Si Zelenski (son patronyme signifie « le vert ») veut mener une politique intelligente (s’il n’est pas, à son tour, acheté par les Américains), il est évident qu’il faut qu’il dialogue avec Poutine mais aussi avec les dirigeants des républiques séparatistes (les Russes répètent en boucle que ce ne sont pas eux qui sont en guerre mais les gens du Donbass). Ceci dans le triple objectif : régler le conflit du Donbass, normaliser les relations avec la Russie et, surtout, réenclencher avec elle une coopération économique indispensable pour réduire la crise économique.

Il faudrait aussi, et surtout, qu’il ait à cœur de réconcilier les Ukrainiens entre eux. La fracture est-ouest est toujours là (ainsi, si Zelenski a obtenu ce score massif pour l’ensemble du pays, dans la seule province d’Ukraine occidentale, la plus nationaliste, Porochenko a été majoritaire).

A court terme, il faudra attendre les prochaines élections législatives pour savoir si le nouveau président peut espérer un parlement (la « rada ») qui appuie sa politique.

Et la France ? Notre pays adoptera-t-il enfin une politique extérieure intelligente ? Car, ces dernières années, de la Libye à la Syrie, et même de la Corée du Nord (la France est le seul pays de l’UE avec l’Estonie à ne pas avoir de relations diplomatiques avec Pyongyang, étonnant, non ?) à la Russie, on ne peut pas dire que notre attitude brille par la perspicacité, l’humanité et tout simplement, l’intelligence.
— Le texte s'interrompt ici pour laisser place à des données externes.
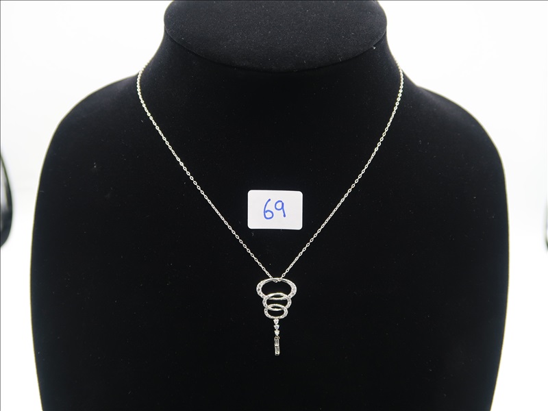 18K WHITE GOLD INTERWINED PENDANT WITH 3 PRONG ROUND DIAMONDS, & 22 PAVE ROUND DIAMONDS ON 3 OVALS PENDANT (DIAMONDS TEST POSITIVE), RETAIL PRICE: $1450, GRAMS:2.12 DIA WT: 0.5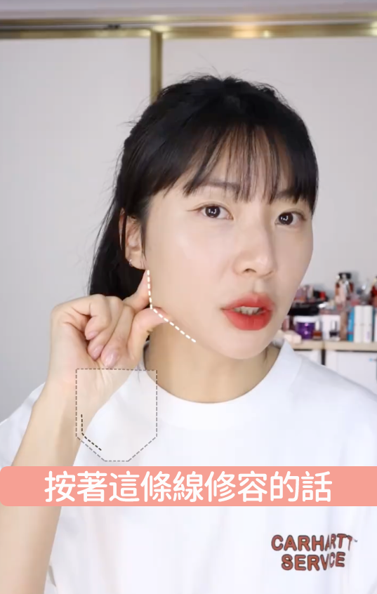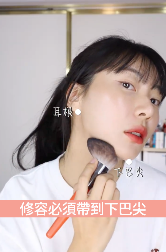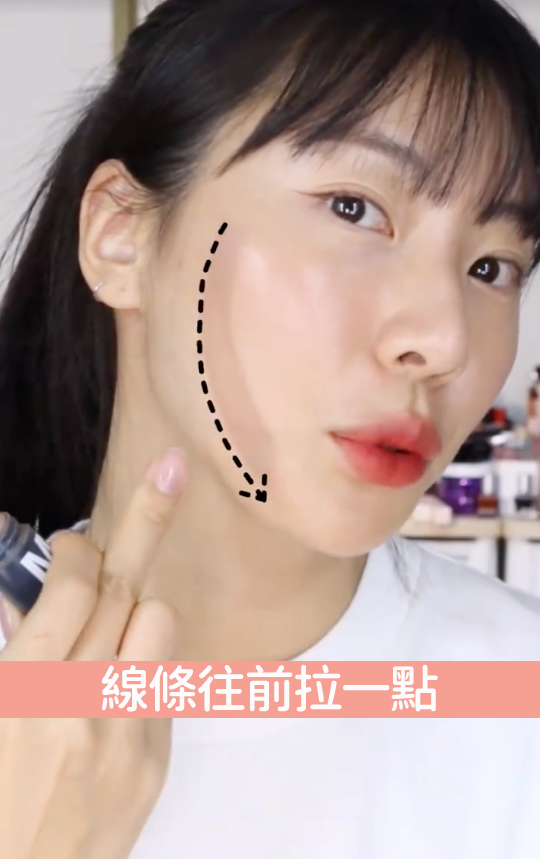 方臉的女生已經有明顯的下顎線,如果按著這條線修容,只會令棱角更明顯!大家可以將修容筆畫在棱角的下方,令到棱角與修容部分深淺一致,令棱角有縮入去的感覺~老師都特別提到方臉的女生修容自然一點可以,通過強調唇妝、眼妝及腮紅來分散對臉形的注意力!

Une remarque générale géostratégique pour terminer. Les relations internationales ne sont pas affaire de sentiments mais d’intérêts bien compris. On ne va pas impunément à l’encontre de la géographie et de l’histoire. Cuba le paye par un embargo depuis soixante ans, le Venezuela est en train de l’apprendre à ses dépens, les Coréens (du Sud comme du Nord) commencent à le réaliser. Pour l’avoir ignoré, les irresponsables criminels de Kiev ont ruiné l’Ukraine. Il est encore temps qu’ils redressent la barre en n’écoutant plus les sirènes intéressées ou inconscientes qui font souffler sur les braises ukrainiennes les vents chargés d’intempéries venus d’ouest./.